NO BLADE OF GRASS (1970)
Article #956 by Dave Sindelar
Viewing Date: 10-27-2003
Posting Date: 3-25-2004
Directed by Cornel Wilde
Featuring Nigel Davenport, Jean Wallace, John Hamill
When a plague decimates the grass of the world, governments collapse, anarchy rules, and a family attempts to reach the safety of a farm in Scotland.
If you wanted a handy pocket description of this movie, think of it as an update of PANIC IN YEAR ZERO with ecological disaster (very trendy topic of the late sixties/early seventies period in which the movie was made) in place of nuclear disaster. And also like that movie, it was directed by a man better known as an actor (Ray Milland for the earlier movie, Cornel Wilde for this one). As a result of having been made in a more permissive era, it’s also nastier, meaner, more violent and more brutal. It’s also more confusing (the first twenty minutes of this movie is a headache-inducing blur of fancy editing) and preachier; just how many shots of pollution do you need to make your point, anyway?
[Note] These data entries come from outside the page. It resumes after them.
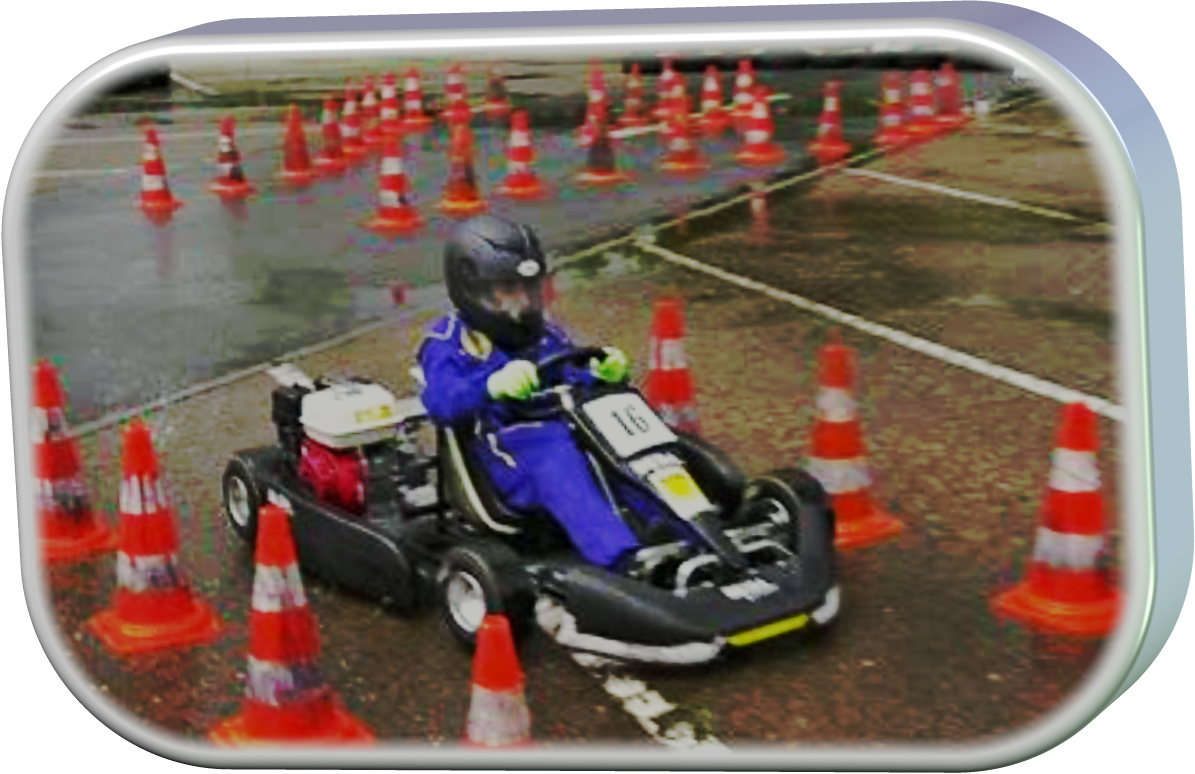 Was ist ein KartslalomKartslalom ist die Breitensportvariante des Kartsports. Hierbei wird auf Karts mit Viertaktmotoren auf Parkplätzen oder ähnlichen befestigten Plätzen auf einem mit Pylonen abgesteckten Kurs gegen die Zeit gefahren. Dabei ist immer nur ein Fahrer auf der Strecke.Ein ADAC unterstützter Motorsport, der sich ins besondere auf Jugendliche konzentriert.Ziel dabei ist es im fairen, sportlichen Wettbewerb die Geschicklichkeit und dieKonzentration im Umgang mit motorisierten Fahrzeugen zu fördern.Ausgestattet mit Helm und Kartanzug bewegen sich die Fahrer mit sogenannten Slalom-Karts durch einen Parcours aus Pylonen.Hierbei gilt es verschiedene Aufgaben zu bewältigen, die immer unterschiedlich miteinander kombiniert werden können.Egal ob es um Spurgassen, Schweizer Slalom oder das exotisch klingende deutsche Eck geht, es gilt immer > Nichts umwerfen!Denn beim Kartslalom geht es nicht nur um Schnelligkeit, sondern auch darum sich den Parcours zu merken und sich geschickt zwischen den Pylonen hindurch zu bewegen.So wird die Zeit jeder gefahrenen Runde erfasst und pro verschobener oder gefallener Pylone um zwei Sekunden erhöht.
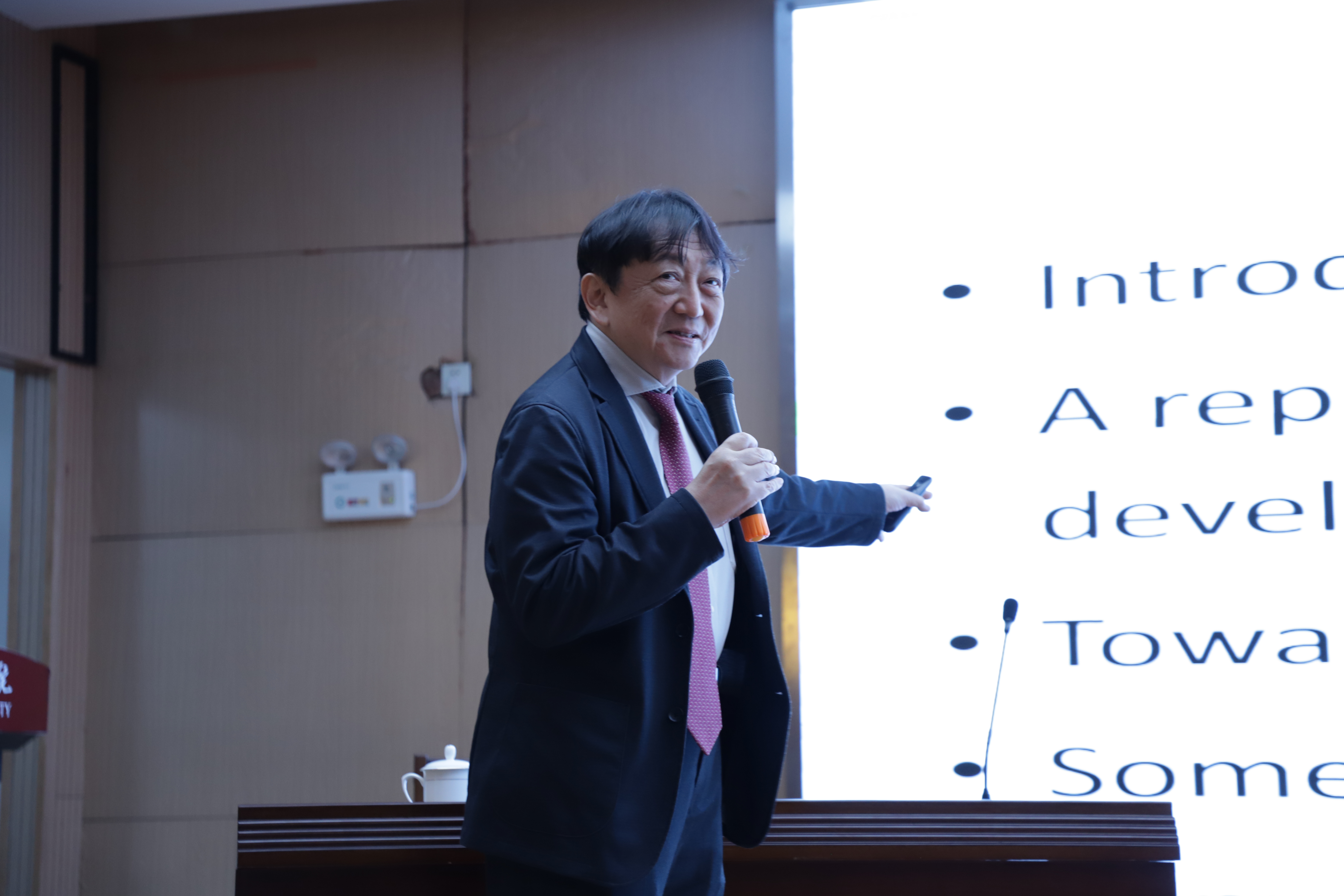 讲座中,森田一树教授凭借其深厚的学术造诣和丰富的实践经验从材料创新的作用、可循环材料的生产、废弃物的可循环再利用等多个方面向在场的师生们进行了深入浅出的讲解。他说,材料创新是推动人类社会进步的重要动力,材料创新在人类生活、工业生产和科技进步等多个领域起到重要作用。他表示,新型材料的研发和应用不仅关乎到每一个人的生活品质,也关系到国家经济发展和国家安全。
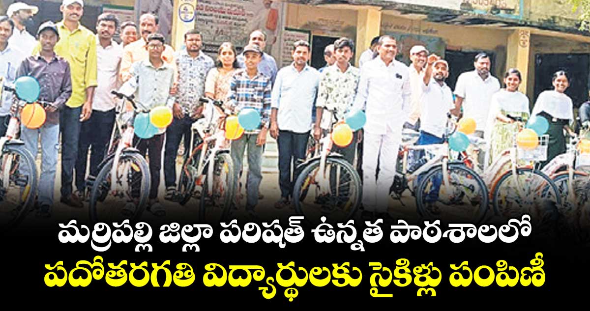 వేములవాడ రూరల్, వెలుగు:- మర్రిపల్లి జిల్లా పరిషత్ ఉన్నత పాఠశాలలో శనివారం పదోతరగతి విద్యార్థులు 11 మందికి బీజేపీ ఆధ్వర్యంలో సైకిళ్లు పంపిణీ చేశారు. కేంద్ర హోంశాఖ సహాయ మంత్రి బండి సంజయ్ ప్రధాని మోదీ గిఫ్ట్గా వీటిని పంపించినట్లు బీజేపీ జిల్లా మాజీ అధ్యక్షుడు ప్రతాప రామకష్ణ, వేములవాడ మాజీ ఎంపీపీ బండ మల్లేశం తెలిపారు. కార్యక్రమంలో సర్పంచ్ లాస్య, మాజీ సర్పంచ్ కటకం మల్లేశం, నాయకులు గోపు బాలరాజు, చెట్టిపల్లి రవికిశోర్ తదితరులు పాల్గొన్నారు.
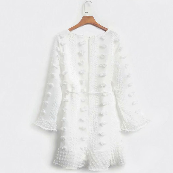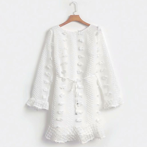 You can have a sweet and charming dating look when you dress yourself up with this dress. It is finished with long sleeve,round neck and ruffle hem design,this dress can easily exude your charm. The thin waist strap design will offer you a more stunning look. So why not introduce it to your wardrobe?

It’s also depressing and unrelenting in its depiction of man falling into savagery in order to survive (a theme which it also shares with PIYZ); you end up being incredibly grateful for the few moments when the veneer of civilization shines through the scuzziness. For all that, I find it less successful than the Milland movie, if for no other reasons than that the artiness, preachiness, and savagery are all established early enough in the action that it leaves very little in the way of surprises as the movie progresses. Fans of seventies dystopian science fiction might be the best audience for this one.